Astas Stimme klang belegt: »Hat er denn nichts von einem Lottogewinn gesagt? Einem sehr großen Lottogewinn?«

»Von einem Lottoriegewinn weiß ich nichts. Mir hat er nur gesagt, dass seine Schwestern bereit wären, ihre Anteile vom elterlichen Erbe ebenfalls zu beleihen oder, wenn nötig, das Haus zu verkaufen, damit er eine schöne Zeit hätte. Das ist alles.«

»Wirklich großzügig, wenn ich das einwerfen darf. Wir bewundern Sie alle sehr.« Agente Musella nickte beeindruckt. »Einfach so für die Schulden Ihres Bruders einzustehen!«

»Und über die Höhe dieser Außenstände würden wir Sie jetzt gerne informieren.« Dottor di Stefano überreichte Asta ein Papier, auf dem eine säuberlich ausgeschriebene, exorbitante Summe verzeichnet stand – Zahlungsziel dreißig Tage.

Beim Anblick der phantastischen Zahl war keine übersetzerin mehr nötig: Marie erlitt einen Heulkrampf, Tania bekam Sprachhemmung, und die starke, sonst unerschütterliche Asta fiel sang- und klanglos in Ohnmacht. Gerade so, als hätte sie plötzlich der Atem des Teufels gestreift.

Devil’s Breath

2 cl Limoncello Zitronenlikör

(am Besten aus der Gegend um den Golf von Neapel)

2 cl Roter Bitterlikör – Campari oder Aperol

2 cl Wodka

Den eisgekühlten Limoncello, den Bitter (wer es gerne weniger bitter haben möchte, sollte nur 1 cl verwenden) und den Wodka in dieser Reihenfolge in ein Shotglas (= großes Schnapsglas) oder ein Whiskyglas füllen. Den Wodka mit einem Streichholz anzünden. Einen Strohhalm hineinstecken, nicht schütteln, nicht rühren – nur genießen.

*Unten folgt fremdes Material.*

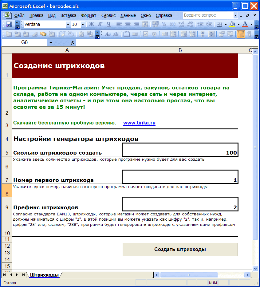 Генератор штрих-кода, который вы сейчас читаете, также представляет собой файл Excel со встроенными макросами. Мы знаем, что в этом файле нет вредоносного кода (вообще наша задача продать вам программу Тирика-Шоп в итоге и не заразить ваш компьютер), но верить этим словам - ваше дело. Если вы решили нам не доверять, то можете прекратить чтение этой статьи и удалить скачанный файл: к сожалению, без макросов загруженный вами файл для генерации штрих-кодов работать не будет.

Tipp: Je langsamer und vorsichtiger die »Schichten« eingefüllt werden, desto weniger vermischen sich die Zutaten. Aber auch hellorange sieht der Cocktail sehr lecker aus – und schmeckt auch so. Der Drink kann auch in einem Longdrinkglas über Crushed Ice genossen werden.